• [DIRECTIONS]
Everything from the first line of the material to the line containing "港交所网站显示,近日,浙江荣", inclusive, must be given again exactly; no pictures, and nothing past that line.
(SUPPLIED DATA)
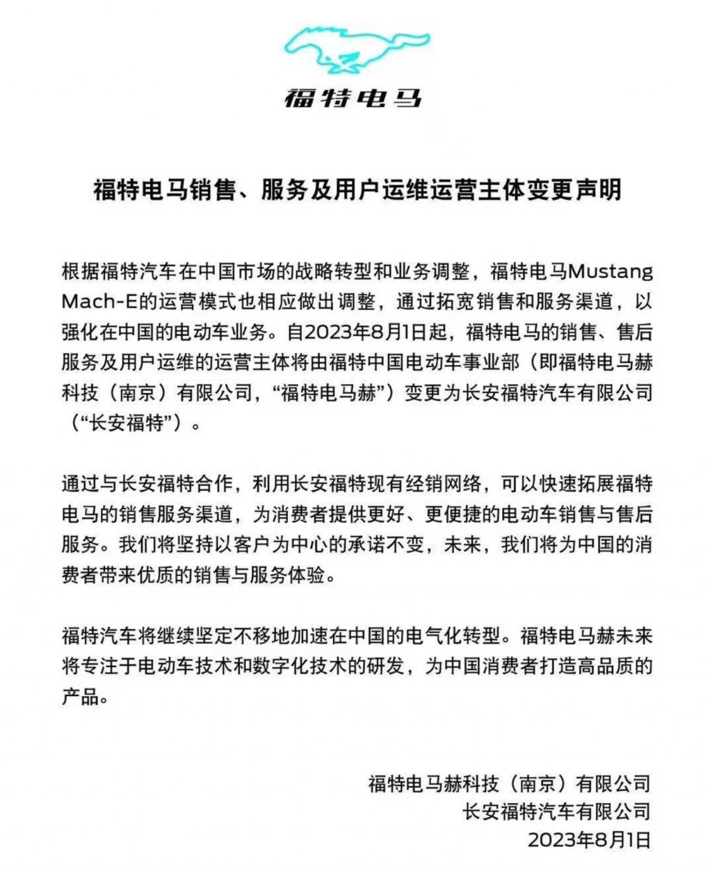 也就是说,自 8 月 1 日起,福特电马的销售、售后服务及用户运维的运营主体将由福特电马赫科技(南京)有限公司(下称 " 福特电马赫 ")变更为长安福特汽车有限公司(下称 " 长安福特 ")。
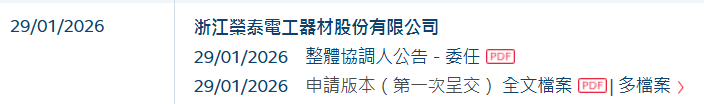 港交所网站显示,近日,浙江荣泰电工器材股份有限公司(以下简称“浙江荣泰”)向港交所递交了上市申请,计划发行H股并在主板挂牌上市,中信证券担任其独家保荐人。
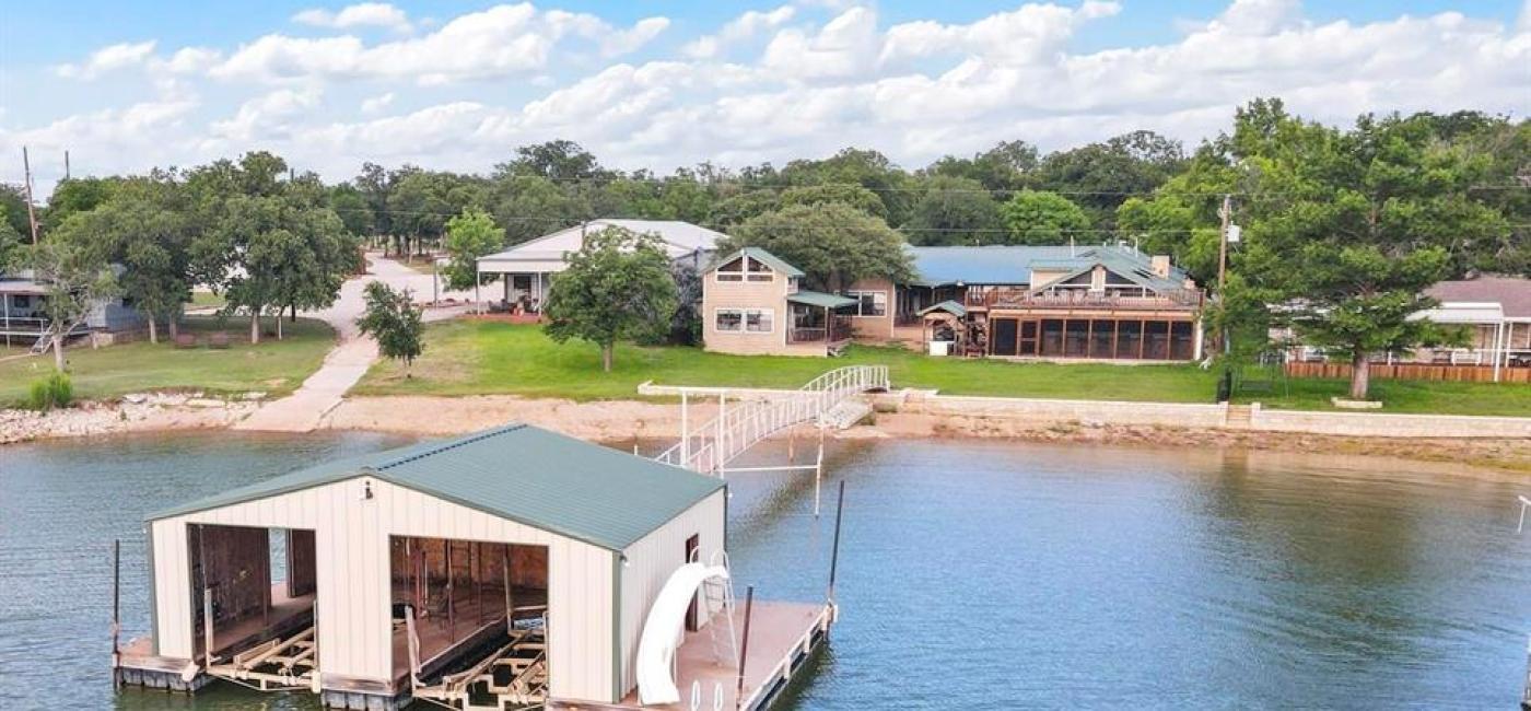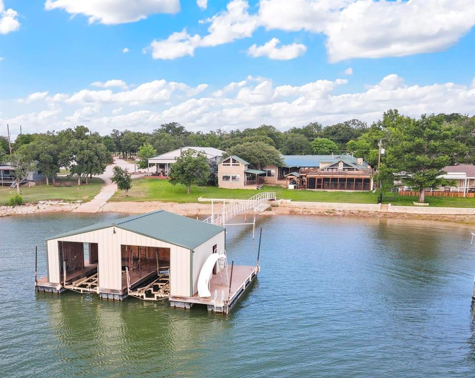 Seller ready to deal! Spacious Lakefront Retreat on Possum Kingdom Lake with a Boathouse Dock! This rare gem offers an incredible amount of space & unbeatable lakefront living. Comfortably sleeping 25, the open-concept main home & detached guest house provide plenty of room for everyone. Enjoy an expansive indoor-outdoor kitchen entertainment area, a large game room, & the enclosed boathouse dock with lifts for 2 boats & parking for 2 seadoos. Boathouses like this can no longer be built on PK, making this ability to store your boats fully protected a RARE find! The rooftop deck offers breathtaking views, & the gentle, beach-like shoreline is perfect for swimming. Offered turnkey fully furnished, this property includes a 2-car garage, private gated entrance, & a NEW SEPTIC SYSTEM , and many other upgrades! This is an INCOME PRODUCING short-term rental with an established VRBO profile, offering a seamless investment opportunity. Located near Breakers Marina & within walking distance to Fox Hollow Restaurant.
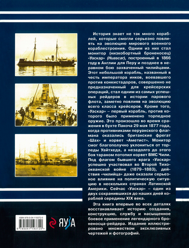 История знает не так много кораблей, которые смогли серьезно повлиять на эволюцию мирового военного кораблестроения. Одним из них стал монитор (низкобортный броненосец) «Уаскар» (Huascar), построенный в 1866 г. в Англии для Перу и позднее в неравном бою захваченный чилийцами. Этот небольшой корабль, названный в честь императора инков, воевавшего против конкистадоров, совершенно не предназначенный для крейсерских операций, стал одним из самых успешных рейдеров в истории парового флота, заметно повлияв на эволюцию всего класса крейсеров. Кроме того, «Уаскар» - первый корабль, против которого было применено торпедное оружие. Это произошло во время сражения в бухте Пакоча 29 мая 1877 г., когда противниками перуанского флагмана оказались британские фрегат «Шах» и корвет «Аметист». Монитор смог благополучно уклониться от торпеды Уайтхеда, а незадолго до этого боя тараном потопил корвет ВМС Чили. Под флагом бывшего врага «Уаскар» успешно участвовал во Второй Тихоокеанской войне (1879-1883), действия «чилийца» даже оказали серьезное влияние на политическую ситуацию в нескольких странах Латинской Америки. Сейчас «Уаскар» один из двух сохранившихся до наших дней кораблей середины XIX в.
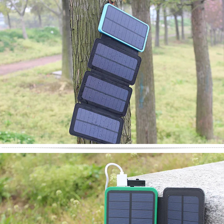 Power Bank Solaire Plustar 4 Panneaux, 10000mAh, Noir
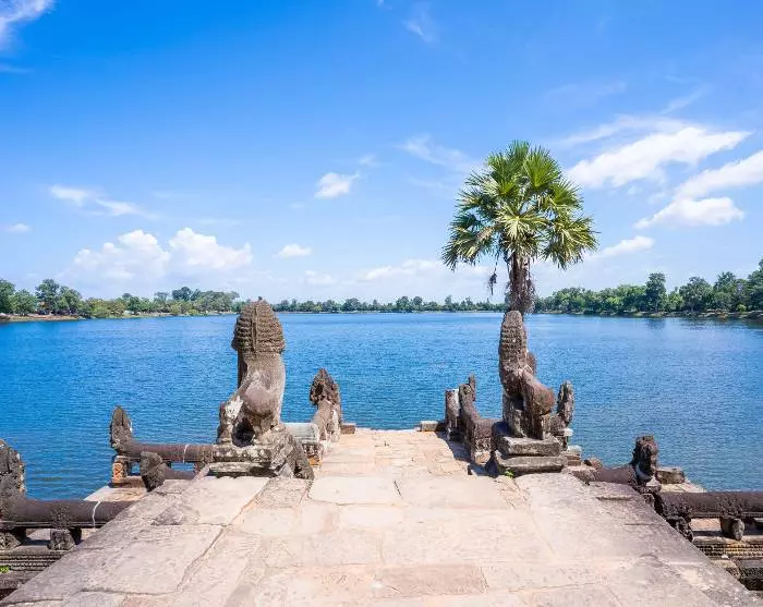 Du forlader Vietnam og flyver videre til den hyggelige by Siem Reap i Cambodia. Her kan du slentre i det franske kvarter med charmerende gamle huse eller langs byens flod, hvor du finder hyggelige cafeer og gode restauranter. Du oplever verdensvidunderet Angkor Wat på en morgencykeltur og oplever lokallivet på en dejlig sejltur på Tonle Sap-søen.
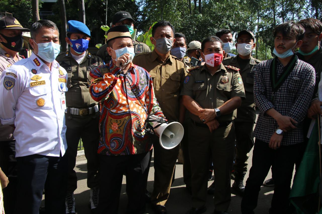 Siberindo.co – Di pintu masuk Pusat Pemerintahan H. Turidi Susanto Wakil Ketua I DPRD dan Kepala Dinas Perhubungan ( Kadishub) Kota Tangerang Wahyudi Iskandar temui Himpunan Mahasiswa Islam ( HMI ) melakukan aksi demo terkait mangkraknya Angkot Si Benteng di Terminal Poris Plawad Kota Tangerang, ( Selasa, 08/12/2020 ).
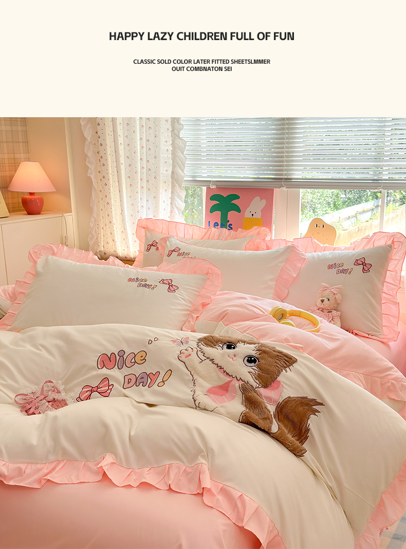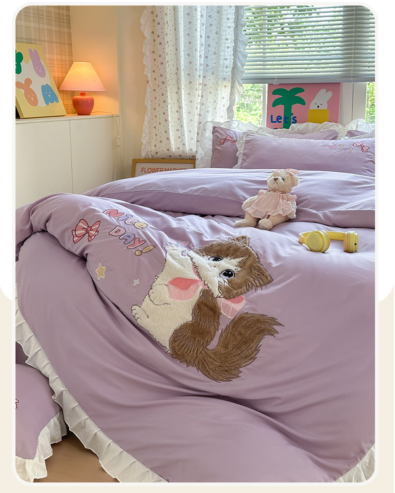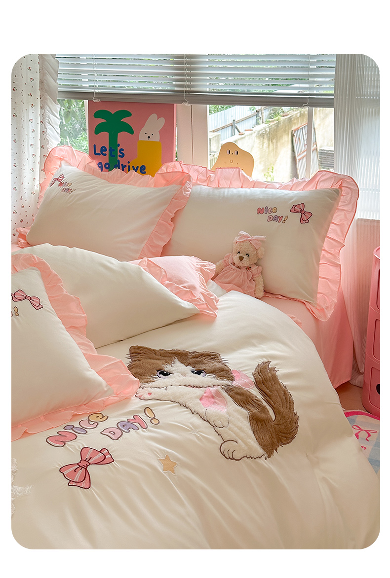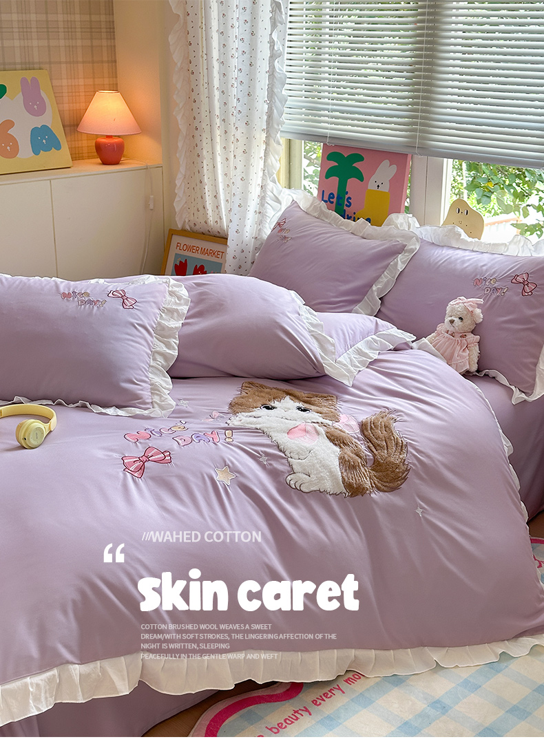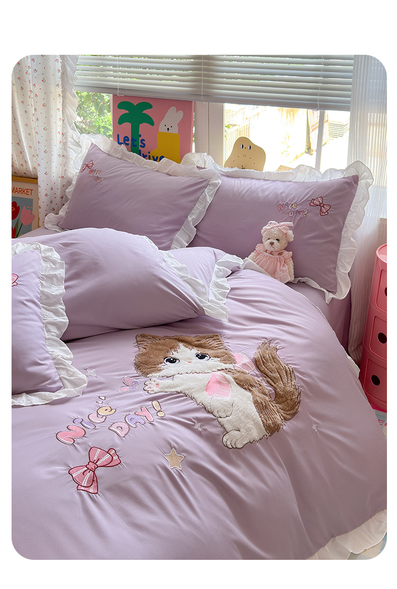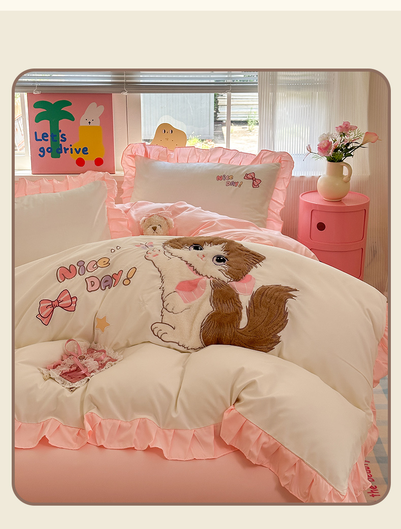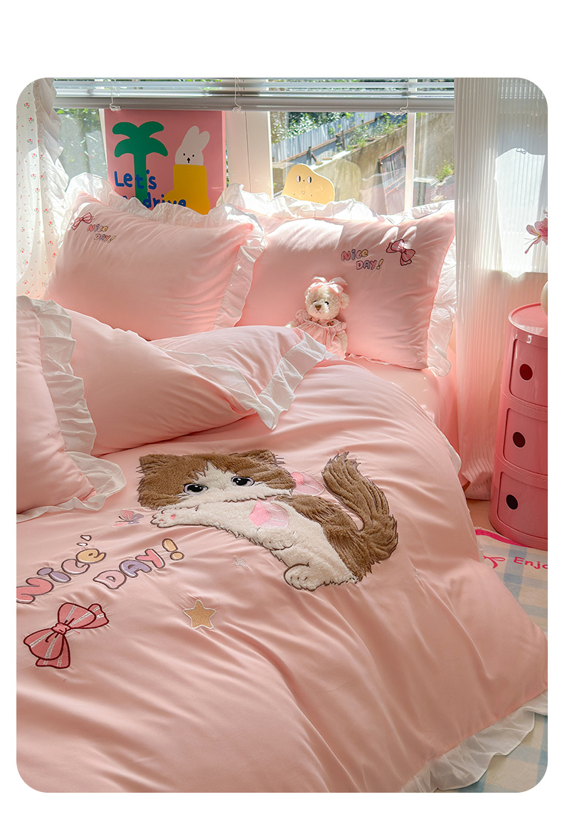 (总)易禾家纺 2025新款韩版卡通兔毛贴布绣水洗棉四件套学生宿舍三件套-炸毛小猫
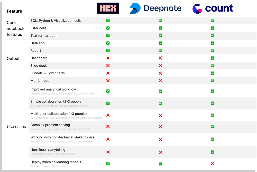 Below is a summary of the features offered, and use cases supported by Hex, Deepnote, and Count.
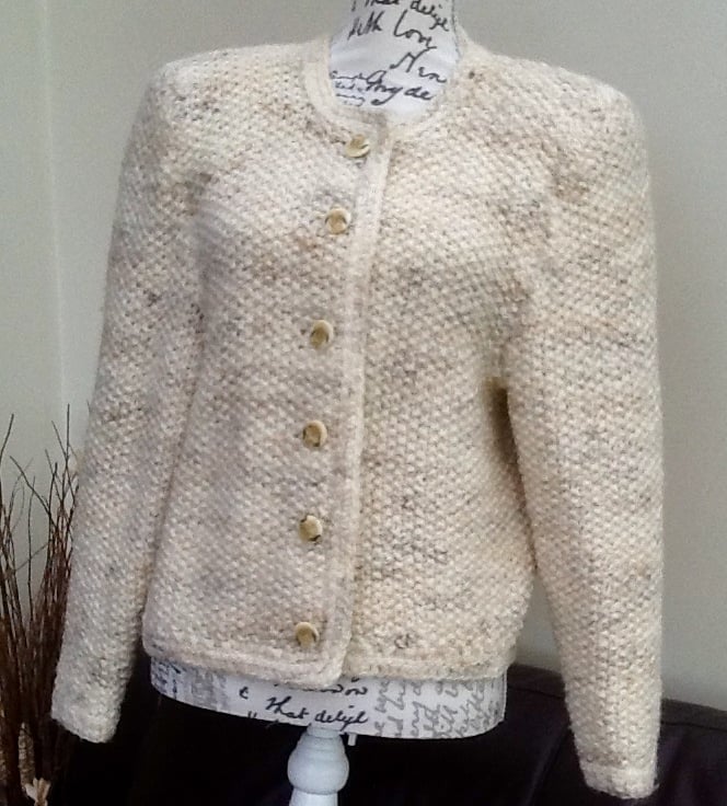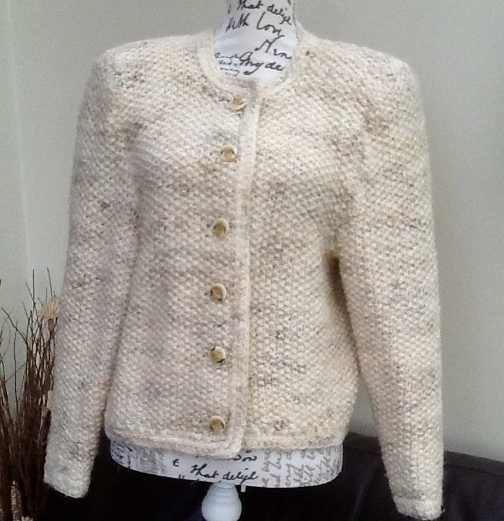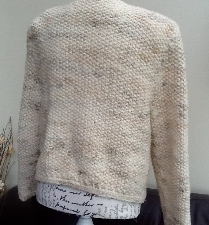 Classic Cream Marl, Hand Crocheted mixed blend Yarn Jacket, or Cardigan if you prefer. A classic style and very practical, UK size Approx 12 to 14.
(End SUPPLIED DATA)
• [SOLUTION TO THIS PROBLEM]
 也就是说,自 8 月 1 日起,福特电马的销售、售后服务及用户运维的运营主体将由福特电马赫科技(南京)有限公司(下称 " 福特电马赫 ")变更为长安福特汽车有限公司(下称 " 长安福特 ")。
 港交所网站显示,近日,浙江荣泰电工器材股份有限公司(以下简称“浙江荣泰”)向港交所递交了上市申请,计划发行H股并在主板挂牌上市,中信证券担任其独家保荐人。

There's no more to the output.